Graph 3-6 shows the effect of population size and mutation rate on the simulated evolution. Observing the differences in brightness between random crossing (Graph 3, 4) and midpoint crossing (Graph 5,6), one can conclude that random crossing was slightly more effective than midpoint crossing. The effect of mutation rate and population size and between mutation rate and average fitness is more prominent and has a similar trend across the two crossing strategies. Namely, lower mutation rate and larger population size lead to higher average fitness
H2 Discussions
A likely explanation for the positive correlation between population size and average fitness is that a higher population size allows more genetic variation, just like in the real world. In this case, it is more likely for certain genes to show up in the population.

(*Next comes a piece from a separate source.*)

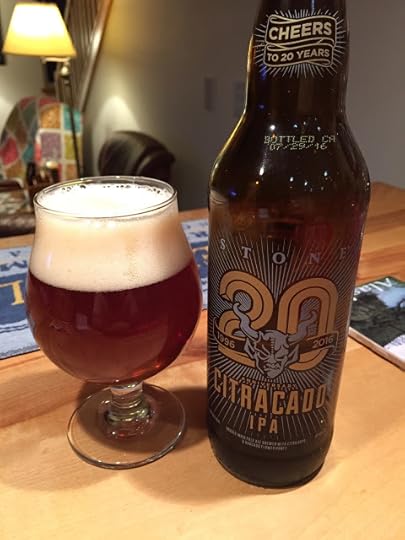 Stone Brewing's 20th Anniversary Citracado IPA: This beer was bottled on 7/29/2016. It poured a deep, clear copper color, with a big, off-white head. The nose was full of Citra hop notes. The carbonation was good and the mouthfeel was light. Up front, there was good bitterness, followed by lots of hop flavor and aroma. The use of avocado flower honey lightens the body, while still giving it a hefty 9% ABV. Not fantastic, but a good, solid entry into the ever-growing ranks of imperial IPAs...
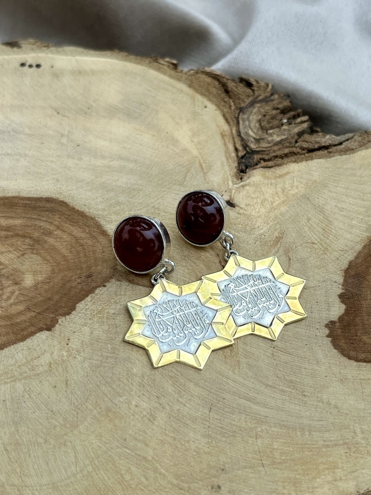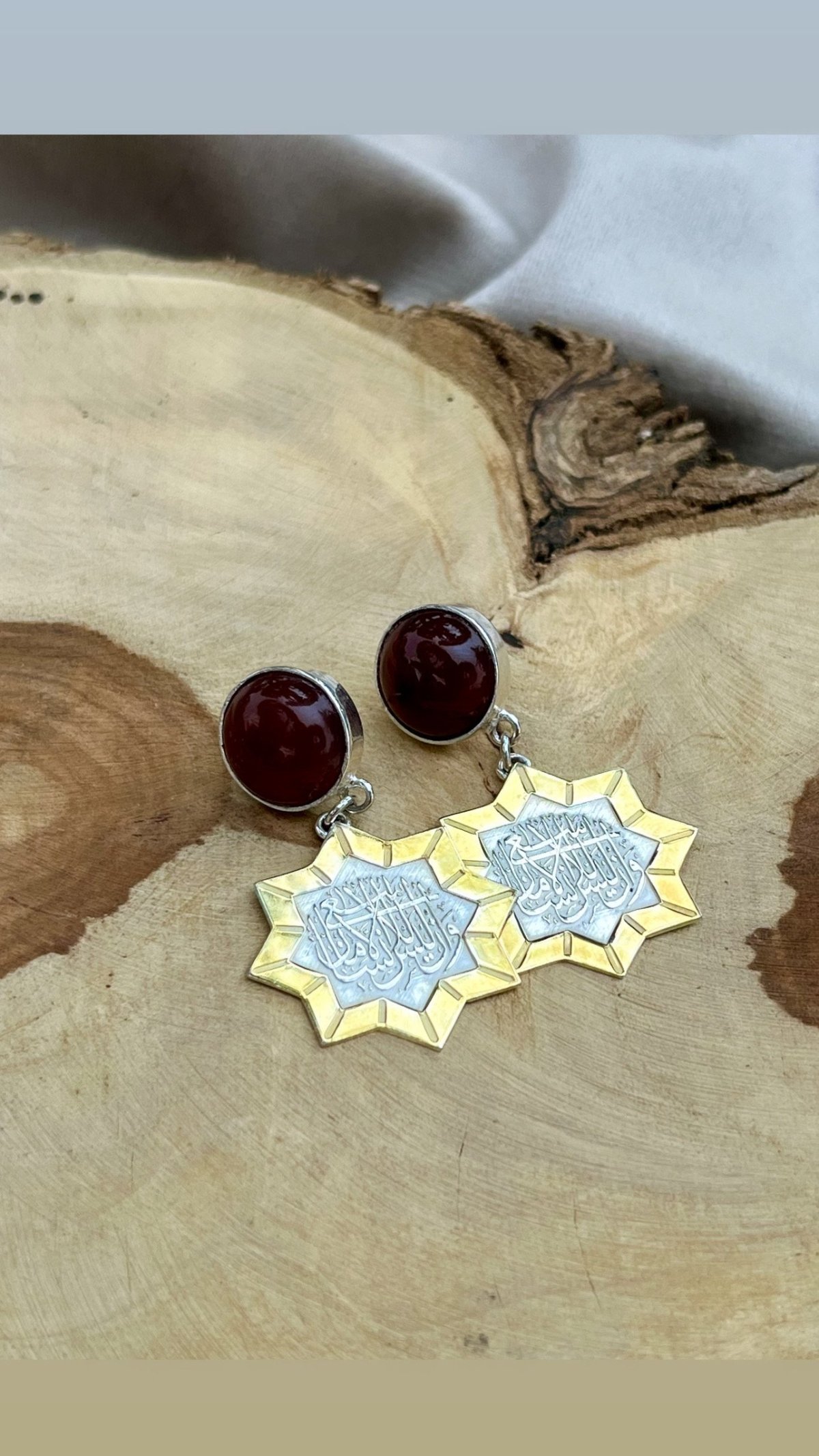 اكتشف الأناقة الخالدة مع هذه المجموعة الفضية المصنوعة يدويًا، والمزينة بأحجار العقيق الطبيعية، وكلمات عربية محفورة بشكل جميل، وقطعة مركزية ذهبية رائعة. مزيج من الفن التقليدي

Seeing that there was a negative correlation between average fitness and mutation rate, one might suspect that a mutation rate that’s too high disturbs the genes and make inheriting genetic information less effective for shifting the population towards a single target genome. However, this might not be representative of the factors that drive evolution in nature and could only be used as an example of a very specific case of evolution.
For the difference between the two crossover strategies tested in this experiment, it is unclear from the data how to explain the difference in the effect on average fitness. In real-life crossovers in meiosis, the process is much involved as multiple chromosomes and multiple gene segments are exchanged. As a result, neither random crossing nor midpoint crossing accurately models real-life scenarios that, arguably, have characteristics of both strategies.
H2 Limitations
This experiment significantly simplifies evolution seen in Biology. It shortens the genome, directly selects genotype rather than phenotype, and defines a single target genotype rather than allowing a range of individuals to survive. Due to time limitations, this experiment is will be done this way to simplify calculations. Further experiments could include a more complex model that takes into consideration factors that are ignored in this experiment, but these are beyond the scope of this experiment.
As seen in Graph 1, some experiments were restrained to some very low fitness. In actual ecosystems, it might be the case that the population size will reduce significantly in this case.
By the look of the heatmaps, larger population sizes and smaller mutation rates are more likely to lead to higher fitness. As the heatmap is most intense at high population sizes and low mutation rates, it is unreasonable to extrapolate the pattern any further beyond the tested range. The optimal mutation rate for this task might well lie below the smallest tested value of 0.005 and would need further experimentation to be better understood.